One clear benefit is that you may use Comparator in the sort method. Java also provides some implementations for the Comparator such as the Collator which is useful for locale sensitive sorting strings. Here is one example:

Collator usCollator = Collator.getInstance(Locale.US);
usCollator.setStrength(Collator.PRIMARY); // ignores casing

Collections.sort(strings, usCollator);

Sorting in concurrent environments

Do note though that using the sort method is not friendly in concurrent environments, since the collection instance will be manipulated, and you should consider using immutable collections instead. This is something Guava provides in the Ordering class and is a simple one-liner:

List<string> sorted = Ordering.natural().sortedCopy(strings);

3. Wrap your list with java.util.PriorityQueue

Though there is no sorted list in Java there is however a sorted queue which would probably work just as well for you. It is the java.util.PriorityQueue class.

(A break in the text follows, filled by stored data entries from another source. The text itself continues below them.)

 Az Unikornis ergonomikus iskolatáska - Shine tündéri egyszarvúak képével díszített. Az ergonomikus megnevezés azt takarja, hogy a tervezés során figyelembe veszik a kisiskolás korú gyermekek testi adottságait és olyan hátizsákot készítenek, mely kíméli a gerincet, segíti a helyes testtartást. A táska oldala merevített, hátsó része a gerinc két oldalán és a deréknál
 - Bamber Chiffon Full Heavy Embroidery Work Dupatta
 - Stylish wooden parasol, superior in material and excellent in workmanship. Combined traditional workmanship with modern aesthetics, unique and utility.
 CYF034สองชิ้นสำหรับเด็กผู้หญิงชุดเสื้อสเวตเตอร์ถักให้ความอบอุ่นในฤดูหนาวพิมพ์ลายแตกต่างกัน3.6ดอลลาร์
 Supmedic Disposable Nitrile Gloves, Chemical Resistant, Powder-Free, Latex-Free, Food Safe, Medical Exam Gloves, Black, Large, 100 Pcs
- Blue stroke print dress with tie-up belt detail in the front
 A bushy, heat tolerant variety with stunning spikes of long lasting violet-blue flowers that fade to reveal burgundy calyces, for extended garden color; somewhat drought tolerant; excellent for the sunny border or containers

Nico Haase linked in the comments to a related question that also answers this.

In a sorted collection you most likely don't want to manipulate the internal data structure which is why PriorityQueue doesn't implement the List interface (because that would give you direct access to its elements).

Caveat on the PriorityQueue iterator

The PriorityQueue class implements the Iterable<E> and Collection<E> interfaces so it can be iterated as usual. However, the iterator is not guaranteed to return elements in the sorted order. Instead (as Alderath points out in the comments) you need to poll() the queue until empty.

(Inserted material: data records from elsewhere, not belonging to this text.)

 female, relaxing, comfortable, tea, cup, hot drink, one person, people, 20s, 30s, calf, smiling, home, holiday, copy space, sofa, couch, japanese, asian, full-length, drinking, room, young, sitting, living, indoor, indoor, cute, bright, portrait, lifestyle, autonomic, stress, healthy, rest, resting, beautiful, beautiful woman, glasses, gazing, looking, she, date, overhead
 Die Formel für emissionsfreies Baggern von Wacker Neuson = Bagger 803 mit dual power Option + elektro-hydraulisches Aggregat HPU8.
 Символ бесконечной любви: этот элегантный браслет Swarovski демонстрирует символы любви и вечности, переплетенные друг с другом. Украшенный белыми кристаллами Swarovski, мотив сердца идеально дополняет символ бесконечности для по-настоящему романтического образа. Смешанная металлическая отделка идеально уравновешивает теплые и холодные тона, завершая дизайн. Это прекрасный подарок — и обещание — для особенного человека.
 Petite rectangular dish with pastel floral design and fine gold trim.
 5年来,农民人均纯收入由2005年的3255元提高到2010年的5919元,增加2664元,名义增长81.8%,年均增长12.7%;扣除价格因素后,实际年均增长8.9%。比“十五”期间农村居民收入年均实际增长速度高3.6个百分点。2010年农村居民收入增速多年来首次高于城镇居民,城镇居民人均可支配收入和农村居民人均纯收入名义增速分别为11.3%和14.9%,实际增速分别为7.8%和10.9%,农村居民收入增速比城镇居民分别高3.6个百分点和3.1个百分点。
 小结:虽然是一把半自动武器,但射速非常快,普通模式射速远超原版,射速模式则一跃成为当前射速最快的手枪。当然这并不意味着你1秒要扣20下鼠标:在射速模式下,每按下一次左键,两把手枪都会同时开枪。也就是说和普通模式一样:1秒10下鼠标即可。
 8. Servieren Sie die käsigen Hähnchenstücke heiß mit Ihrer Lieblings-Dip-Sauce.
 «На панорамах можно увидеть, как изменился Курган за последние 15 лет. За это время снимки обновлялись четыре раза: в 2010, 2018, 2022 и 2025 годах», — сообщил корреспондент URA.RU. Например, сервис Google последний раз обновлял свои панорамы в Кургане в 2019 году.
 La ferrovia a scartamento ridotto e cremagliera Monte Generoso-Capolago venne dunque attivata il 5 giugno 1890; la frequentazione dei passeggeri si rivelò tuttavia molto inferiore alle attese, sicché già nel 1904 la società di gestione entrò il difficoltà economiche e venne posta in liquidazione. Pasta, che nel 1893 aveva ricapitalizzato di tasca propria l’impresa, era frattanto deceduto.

Note that you can convert a list to a priority queue via the constructor that takes any collection:

List<String> strings = new ArrayList<String>()
strings.add("lol");
strings.add("cat");

PriorityQueue<String> sortedStrings = new PriorityQueue(strings);
while(!sortedStrings.isEmpty()) {
    System.out.println(sortedStrings.poll());
}
// Prints out "cat" and "lol"

4. Write your own SortedList class

NOTE: You shouldn't have to do this.

You can write your own List class that sorts each time you add a new element. This can get rather computation heavy depending on your implementation and is pointless, unless you want to do it as an exercise, because of two main reasons:

1. It breaks the contract that List<E> interface has because the add methods should ensure that the element will reside in the index that the user specifies.
2. Why reinvent the wheel? You should be using the TreeSet or Multisets instead as pointed out in the first point above.

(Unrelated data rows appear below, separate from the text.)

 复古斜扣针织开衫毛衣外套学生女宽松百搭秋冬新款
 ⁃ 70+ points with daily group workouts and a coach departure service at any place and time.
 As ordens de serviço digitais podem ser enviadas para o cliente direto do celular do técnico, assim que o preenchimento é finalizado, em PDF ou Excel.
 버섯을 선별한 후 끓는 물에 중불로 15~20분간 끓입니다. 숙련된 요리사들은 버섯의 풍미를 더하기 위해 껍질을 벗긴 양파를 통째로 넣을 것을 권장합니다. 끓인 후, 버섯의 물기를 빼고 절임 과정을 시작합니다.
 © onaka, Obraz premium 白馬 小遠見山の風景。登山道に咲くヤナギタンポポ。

However, if you want to do it as an exercise here is a code sample to get you started, it uses the AbstractList abstract class:

public class SortedList<E> extends AbstractList<E> {

    private ArrayList<E> internalList = new ArrayList<E>();

    // Note that add(E e) in AbstractList is calling this one
    @Override 
    public void add(int position, E e) {
        internalList.add(e);
        Collections.sort(internalList, null);
    }

    @Override
    public E get(int i) {
        return internalList.get(i);
    }

    @Override
    public int size() {
        return internalList.size();
    }

}

Note that if you haven't overridden the methods you need, then the default implementations from AbstractList will throw UnsupportedOperationExceptions.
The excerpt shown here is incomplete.